The risk for infection can be reduced through a combination of actions. No single action provides complete protection, but a combined approach can help decrease the likelihood of transmission. To aid in pandemic contingency planning, the Occupational Safety and Health Administration (OSHA) has suggested the following steps that every employer can take to reduce the risk of exposure to pandemic influenza in their workplace, which also applies to our chapter facilities:
- People who are sick with an influenza-like illness (ILI) (fever plus at least cough or sore throat and possibly other symptoms like runny nose, body aches, headaches, chills, fatigue, vomiting, and diarrhea) should stay home and keep away from others as much as possible, including avoiding travel, for at least 24 hours after fever is gone. (Fever should be gone without the use of fever-reducing medicine.)
- Encourage employees and members to wash their hands frequently with soap and water or with hand sanitizer if there is no soap or water available. Also, encourage employees and members to avoid touching their noses, mouths, and eyes.
- Encourage employees and residents to cover their coughs and sneezes with a tissue, or to cough and sneeze into their upper sleeves if tissues are not available. Employees and members should wash their hands or use a hand sanitizer after they cough, sneeze, or blow their noses.
- Employees should avoid close contact with their coworkers and residents. They should avoid shaking hands and always wash their hands after contact with others. Even if employees wear gloves, they should wash their hands upon removal of the gloves incase their hand(s) became contaminated during the removal process.
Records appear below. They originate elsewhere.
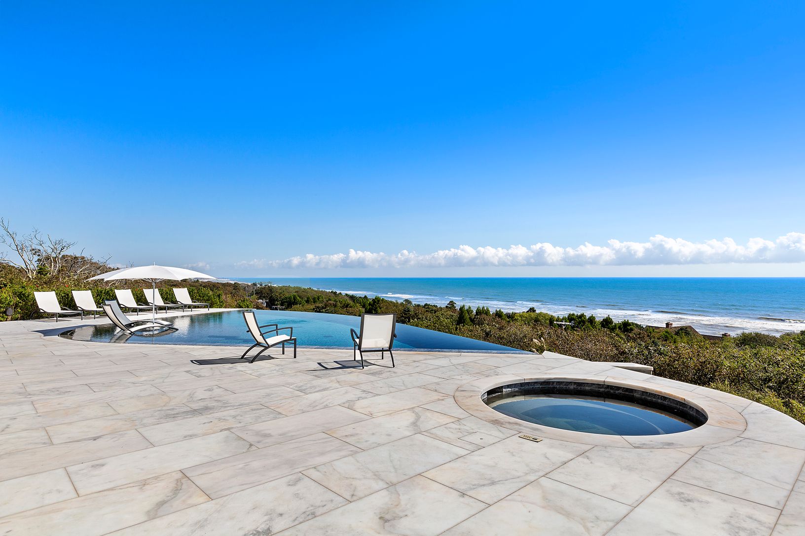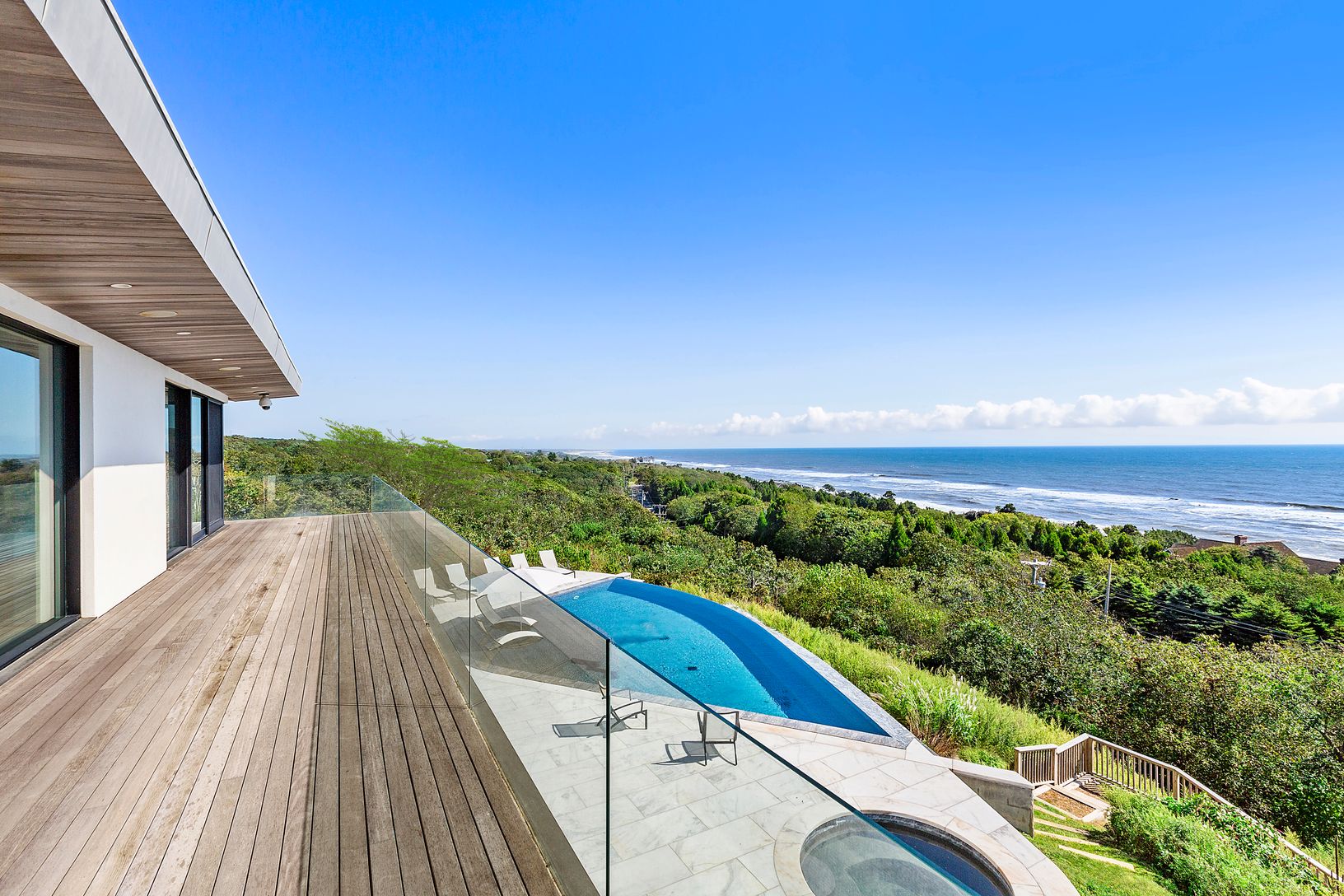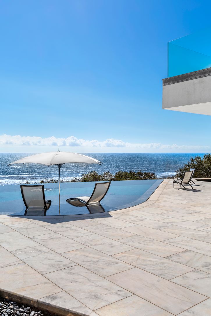 Available Beginning September 15th 2021. Spectacular new home with breathtaking views of the Atlantic from the moment you enter. This magnificent modern masterpiece is built high up, with walls of glass throughout offering panoramic water views from nearly every room. The 7,300+/- sq. ft. layout features five en-suite bedrooms with ocean views, an additional guest room, and two powder rooms. The main living room has a dual-sided fireplace adja
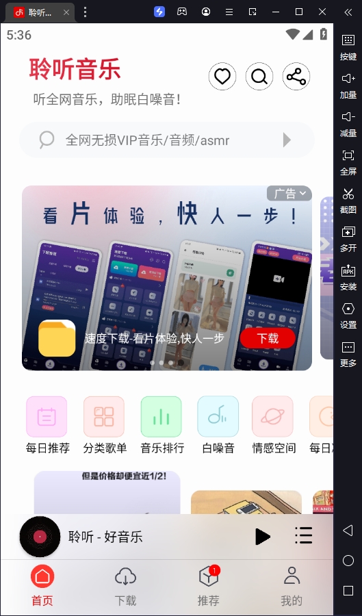 聆听音乐电脑版是一款借助安卓模拟器运行的音乐播放软件,该软件有着简洁且简约的操作界面,纯绿色使用体验并支持下载、试听、搜索、音乐预测等功能,为用户打造出纯免费、绿色的音乐平台。同时本软件有多个音源可以随意切换和内带助眠白噪音以及海量无损音乐曲库,唱享优质听觉服务,可满足不同用户的需求。
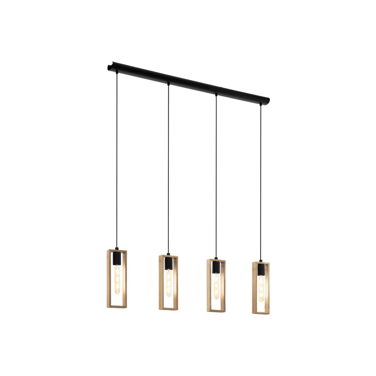 Rustic wooden pendant ceiling light bar with a modern twist. A modern and trendsetting statement piece, the Littleton ceiling light bar is a fantastic fitting by Eglo. A unique styling, this ceiling light boasts suspended wooden rectangles which frame exposed bulb pendants, finished with black detailing. A minimalist fitting, perfect adding the wow factor into any room in your home above kitchen and dining rooms. Pair this light with our 4w LED Vintage bulbs for a rustic and industrial glow to complement the exposed bulb styling.
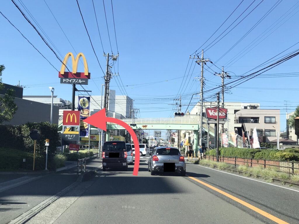 藤沢街道を藤沢方面から走行している場合、マクドナルドとVOLKSのある「深見歩道橋」交差点を左折します(町田方面から走行している場合は、同交差点を右折します)。
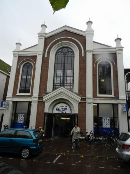 Deze vriendelijke kerk staat op Maden 31, de mooiste straat van Hoorn; het doet dienst als filiaal van ramsj-warenhuis Action. Er rust geen vrede op dit godshuis. Directeur Deen wil – zie ik op hoorng!ds.nl – uitbreiden, hier of elders in de hoornse binnenstad. “Wij zijn veroordeeld tot dit kleine kerkgebouw. Er is niks en mag niks in Hoorn.”
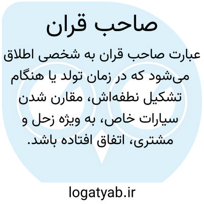 صاحب القران: نیک طالع، خوش اقبال، کسی که در هنگام نطفه بستن یا به دنیا آمدنش، سیاراتی در قِران بوده باشند.
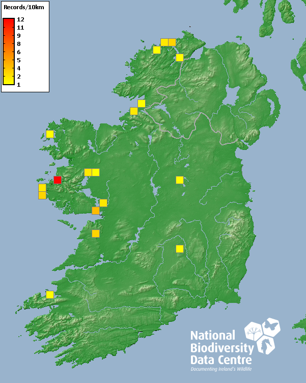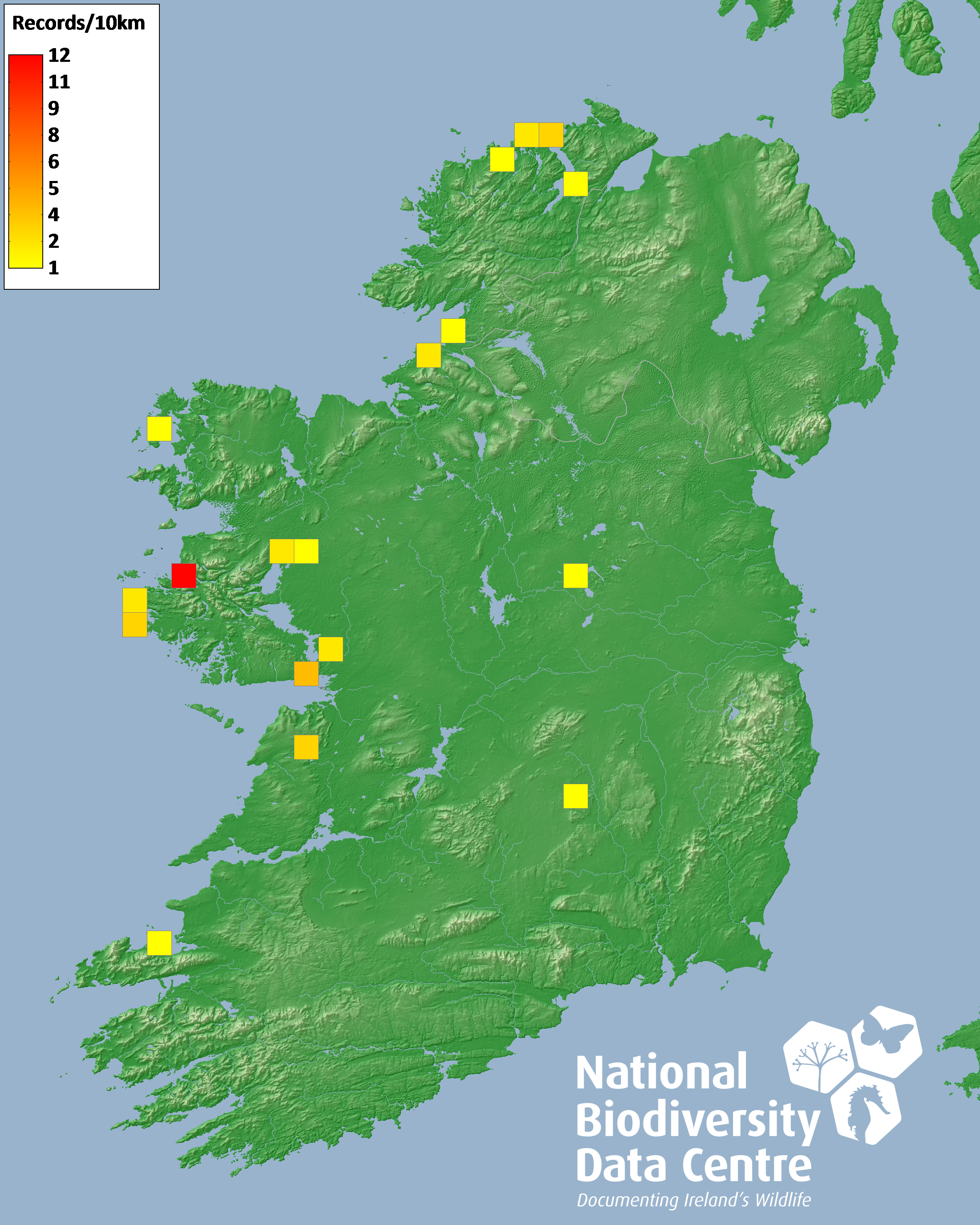 Distribution of the number of records recorded within each 10km grid square (ITM).Marine Map - 50km

- Provide extra tissues and trash receptacles and a place to wash or disinfect hands for all guests, employees, and residents.
- Keep work surfaces, desks, computers, and other frequently touched surfaces clean. Use only disinfectants registered by the U.S. Environmental Protection Agency (EPA), and follow all directions and safety precautions indicated on the label.
- Discourage employees and members from using other people’s phones, desks, laptops, or other tools and equipment.
- Minimize situations, such as in a meeting, where groups of people are crowded together. Use e-mail, phones, and text messages to communicate with each other. When meetings are necessary, avoid close contact by keeping a separation of at least 6 ft, where possible, and assure that there is proper ventilation in the meeting room.
- Reduce or eliminate unnecessary social interactions, which can be very effective in controlling the spread of infectious diseases. Reconsider all situations that permit or require employees, members, and visitors (including family members) to enter the facility. Chapters may want to consider restricting/eliminating guest visitation options during an influenza pandemic.
- Promote healthy lifestyles, including vaccination for seasonal flu, good nutrition, exercise, and smoking cessation. A person’s overall health impacts their body’s immune system and can affect their ability to fight off, or recover from, an infectious disease.
More detailed planning information is available from OSHA in Guidance on Preparing Workplaces for an Influenza Pandemic (OSHA 3327-02N). Information is also available from the U.S. Department of Health and Human Services (DHHS) at PandemicFlu.Gov. The Center for Disease Control (CDC) released a planning guide for small businesses.